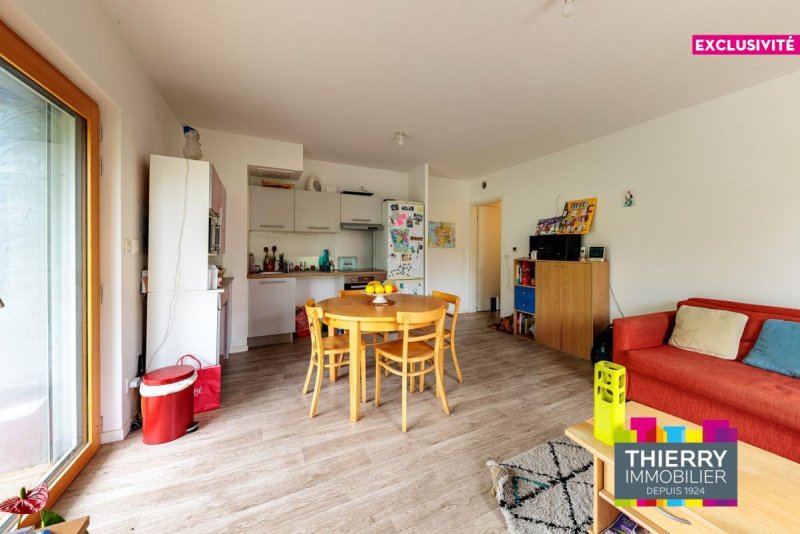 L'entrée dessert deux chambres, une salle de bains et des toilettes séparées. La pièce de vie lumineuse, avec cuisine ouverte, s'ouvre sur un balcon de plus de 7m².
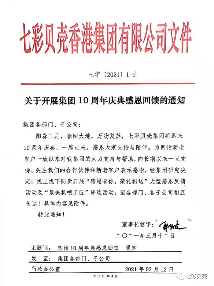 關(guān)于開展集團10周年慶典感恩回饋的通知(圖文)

◇ ◇ ◇ ◇

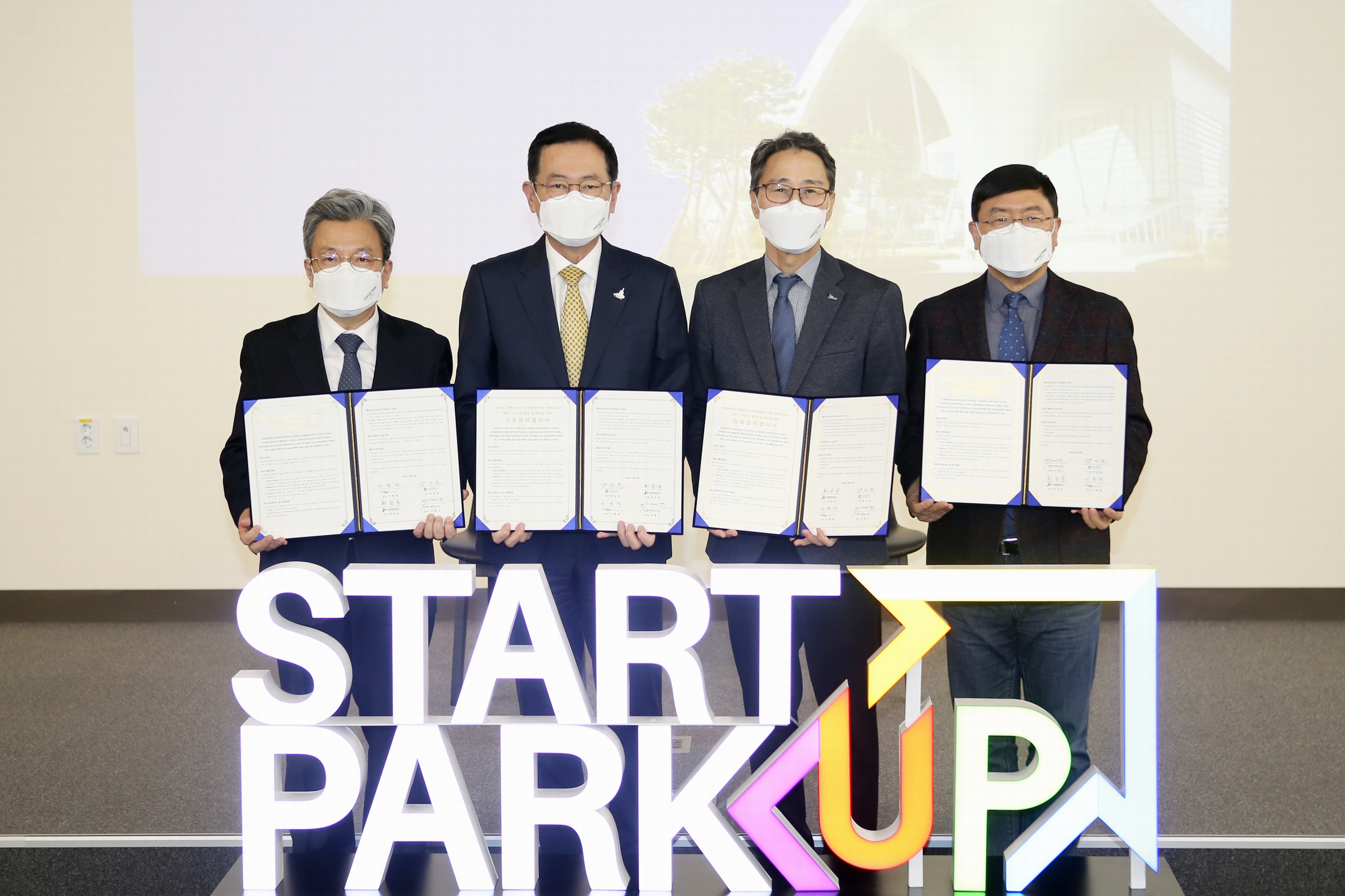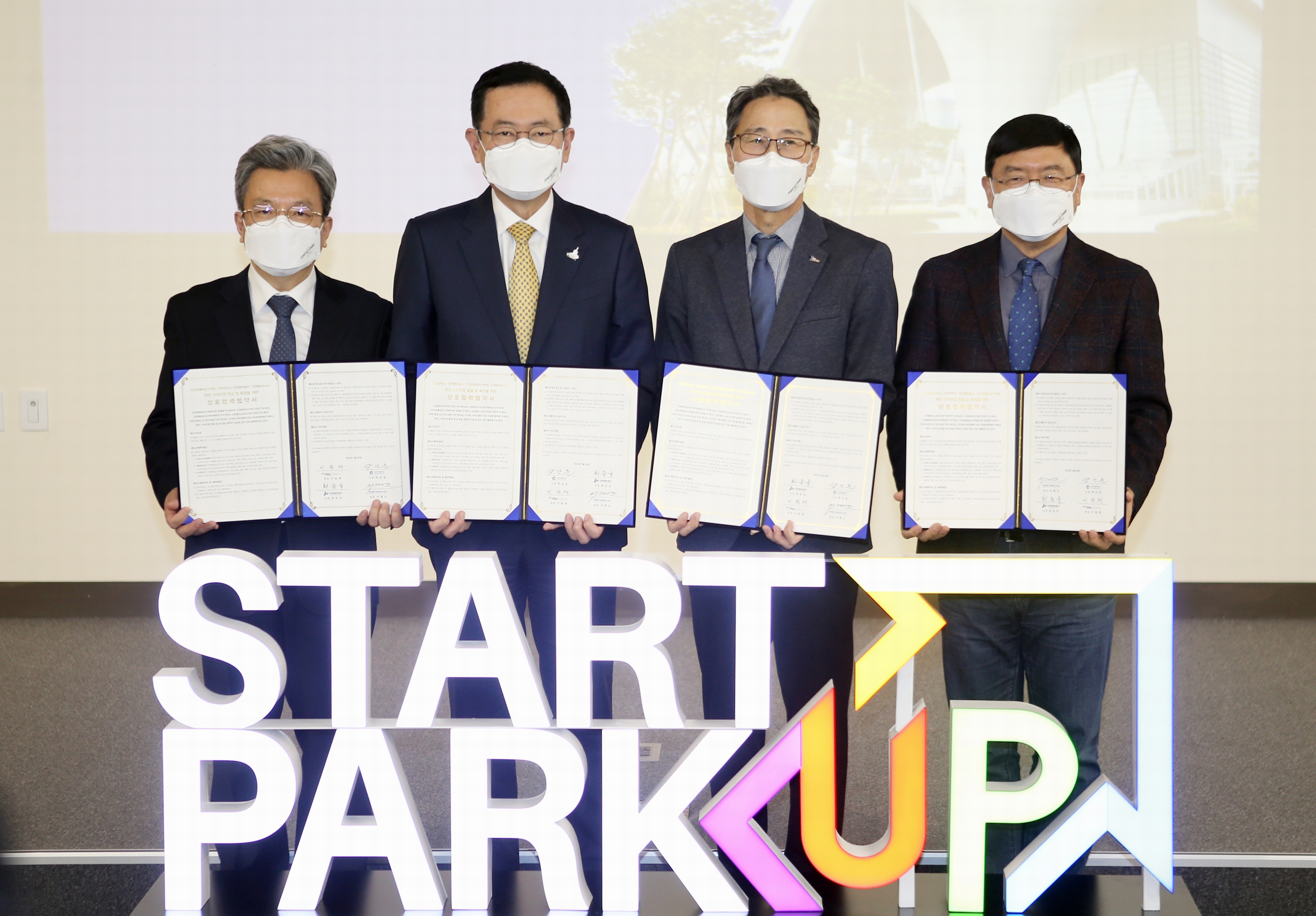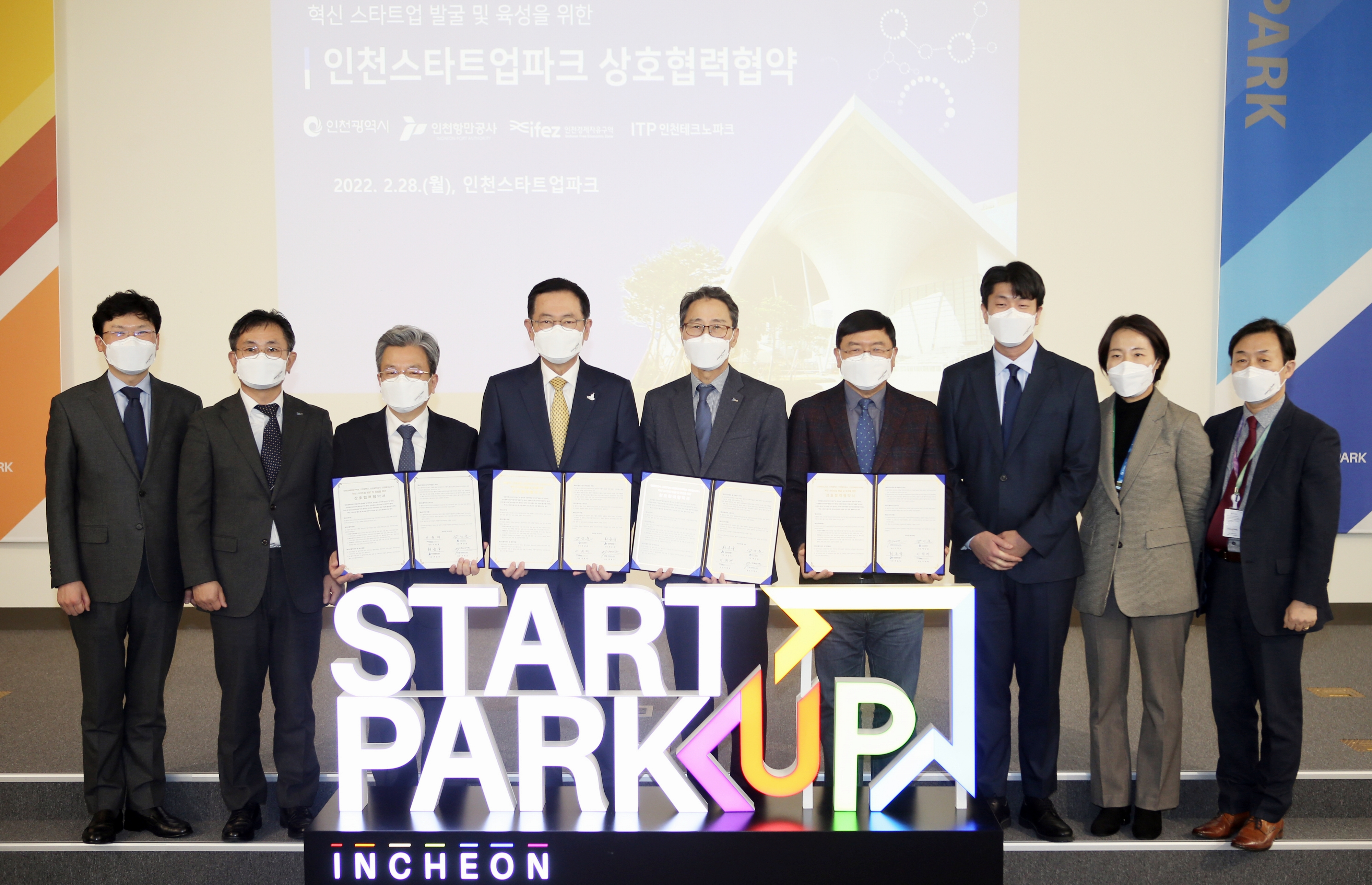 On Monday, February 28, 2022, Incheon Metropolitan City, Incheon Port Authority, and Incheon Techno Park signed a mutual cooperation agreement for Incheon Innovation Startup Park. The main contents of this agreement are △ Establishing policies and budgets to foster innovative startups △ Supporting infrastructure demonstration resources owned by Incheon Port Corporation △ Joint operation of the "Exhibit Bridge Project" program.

◇ ◇ ◇ ◇

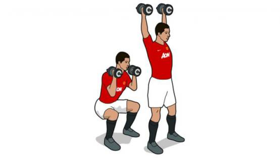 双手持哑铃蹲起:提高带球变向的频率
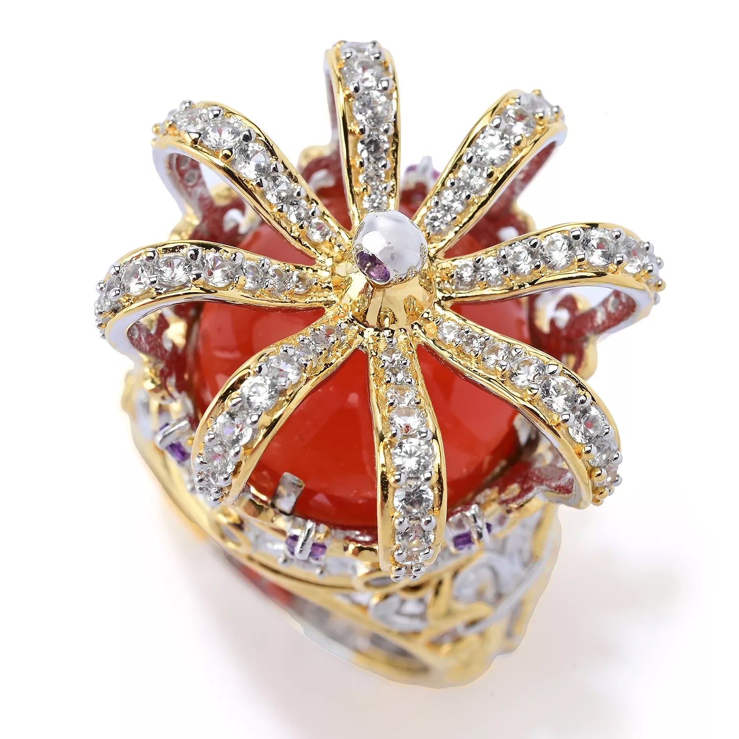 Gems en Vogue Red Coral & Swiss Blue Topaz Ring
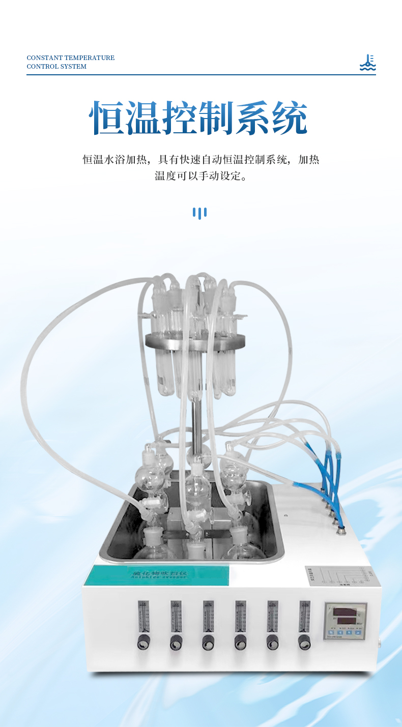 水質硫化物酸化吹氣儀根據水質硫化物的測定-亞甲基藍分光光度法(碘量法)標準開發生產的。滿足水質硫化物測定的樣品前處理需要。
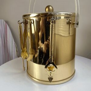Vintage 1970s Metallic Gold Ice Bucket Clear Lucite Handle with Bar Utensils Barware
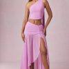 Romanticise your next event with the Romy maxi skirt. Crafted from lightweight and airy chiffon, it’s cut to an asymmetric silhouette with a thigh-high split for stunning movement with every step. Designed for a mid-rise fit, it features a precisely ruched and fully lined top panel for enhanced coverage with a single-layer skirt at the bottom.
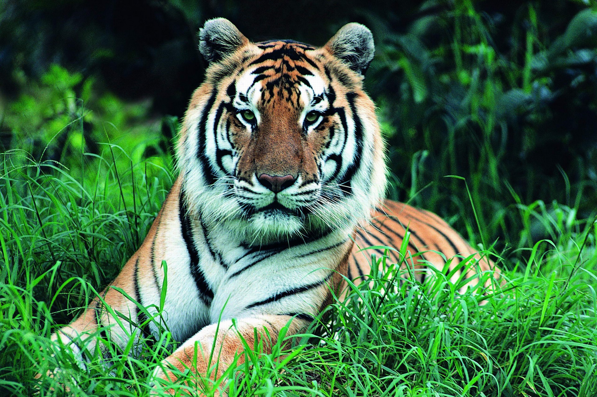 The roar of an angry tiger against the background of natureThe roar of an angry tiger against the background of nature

◇ ◇ ◇ ◇

> [Task directions]
Here the job is to copy the listing above word for word, starting at the line with "Vintage 1970s Metallic" and ending at the line with "The roar of an angry tiger against the background of natureThe", and to leave out the pictures.

> [Problem solution]
Vintage 1970s Metallic Gold Ice Bucket Clear Lucite Handle with Bar Utensils Barware
 Romanticise your next event with the Romy maxi skirt. Crafted from lightweight and airy chiffon, it’s cut to an asymmetric silhouette with a thigh-high split for stunning movement with every step. Designed for a mid-rise fit, it features a precisely ruched and fully lined top panel for enhanced coverage with a single-layer skirt at the bottom.
 The roar of an angry tiger against the background of natureThe roar of an angry tiger against the background of nature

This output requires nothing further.